Her last letter (162) is touching, a kind of child’s last will. “[T]hank you for sending me this illness, because it is a means to arrive in Paradise.” She asks for “the strength necessary to endure the pains that I offer for sinners.” She then, to Jesus, writes, “I entrust to You my parents and Margherita. … I send you so many greetings and kisses.”

Two months later, she was dead.

Her case was referred to the Congregation for the Causes of Saints in 1972, and Pope Benedict XVI declared her “Venerable” — the first step toward possible beatification — on Dec. 17, 2007.

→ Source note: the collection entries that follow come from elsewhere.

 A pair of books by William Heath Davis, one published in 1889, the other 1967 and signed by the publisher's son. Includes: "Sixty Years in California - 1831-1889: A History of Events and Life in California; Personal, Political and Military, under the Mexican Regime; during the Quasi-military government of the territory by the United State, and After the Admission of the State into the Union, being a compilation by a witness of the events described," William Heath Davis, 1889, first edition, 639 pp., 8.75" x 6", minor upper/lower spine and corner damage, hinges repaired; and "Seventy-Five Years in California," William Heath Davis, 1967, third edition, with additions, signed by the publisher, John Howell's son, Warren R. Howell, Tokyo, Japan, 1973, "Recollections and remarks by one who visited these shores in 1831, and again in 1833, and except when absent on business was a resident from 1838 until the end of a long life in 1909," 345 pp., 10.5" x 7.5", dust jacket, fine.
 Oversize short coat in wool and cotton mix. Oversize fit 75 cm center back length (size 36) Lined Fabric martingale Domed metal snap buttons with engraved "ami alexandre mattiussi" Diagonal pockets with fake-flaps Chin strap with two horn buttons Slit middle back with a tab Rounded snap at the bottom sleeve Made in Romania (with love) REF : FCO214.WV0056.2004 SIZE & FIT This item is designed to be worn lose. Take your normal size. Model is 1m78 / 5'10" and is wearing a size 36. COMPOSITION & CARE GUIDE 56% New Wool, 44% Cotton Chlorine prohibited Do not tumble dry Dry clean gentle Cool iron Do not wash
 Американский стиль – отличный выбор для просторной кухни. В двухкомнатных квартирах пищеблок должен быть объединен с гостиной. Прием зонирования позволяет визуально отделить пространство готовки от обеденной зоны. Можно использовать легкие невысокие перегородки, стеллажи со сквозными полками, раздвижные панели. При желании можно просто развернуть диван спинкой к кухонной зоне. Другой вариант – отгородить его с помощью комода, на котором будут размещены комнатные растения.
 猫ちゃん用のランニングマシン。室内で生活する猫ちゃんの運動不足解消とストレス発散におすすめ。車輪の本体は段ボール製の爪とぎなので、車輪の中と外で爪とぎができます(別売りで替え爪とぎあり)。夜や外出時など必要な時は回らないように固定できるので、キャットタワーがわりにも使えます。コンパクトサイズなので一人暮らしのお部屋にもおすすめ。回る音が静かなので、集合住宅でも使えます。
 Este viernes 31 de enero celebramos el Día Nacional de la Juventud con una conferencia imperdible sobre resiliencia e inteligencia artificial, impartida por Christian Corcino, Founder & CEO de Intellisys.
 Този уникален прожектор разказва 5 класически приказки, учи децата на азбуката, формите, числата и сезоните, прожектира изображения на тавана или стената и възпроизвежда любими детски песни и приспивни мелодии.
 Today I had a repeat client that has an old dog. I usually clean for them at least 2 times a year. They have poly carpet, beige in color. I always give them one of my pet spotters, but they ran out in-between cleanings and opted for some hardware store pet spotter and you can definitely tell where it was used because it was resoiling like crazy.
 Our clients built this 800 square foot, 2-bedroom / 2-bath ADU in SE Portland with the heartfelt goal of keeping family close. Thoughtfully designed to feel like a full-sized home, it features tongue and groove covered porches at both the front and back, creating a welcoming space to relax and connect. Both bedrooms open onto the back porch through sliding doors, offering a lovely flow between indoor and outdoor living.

I first encountered the story of Nennolina by chance, on a Sunday afternoon in Rome in 2013. I had never before visited the Basilica of the Holy Cross; and, while I knew of its association with Christ’s passion and Helena’s quest for the True Cross, it was only by accident I wandered in to her tomb.

Most of what has been written about Nennolina, including her letters, appears to be in Italian. A translator named Austin Schulz has posted his translations of her letters, texts which seem proper. I generally follow them here.

It would be a good thing to see this child’s words published and broadly available in English. I can’t think of a better little book to put in the hands of children preparing for first confession and Communion.

Ex ore infantium (“from the mouths of babes”) God finds perfect praise, as Jesus reminds us in Matthew 21:16, quoting Psalm 8:2. On this Corpus Christi, it would be a good time to get to know the little girl who wanted so much to receive her first Communion: Antoinetta Meo, “Nennolina.”

John M. Grondelski, Ph.D., writes from Falls Church, Virginia.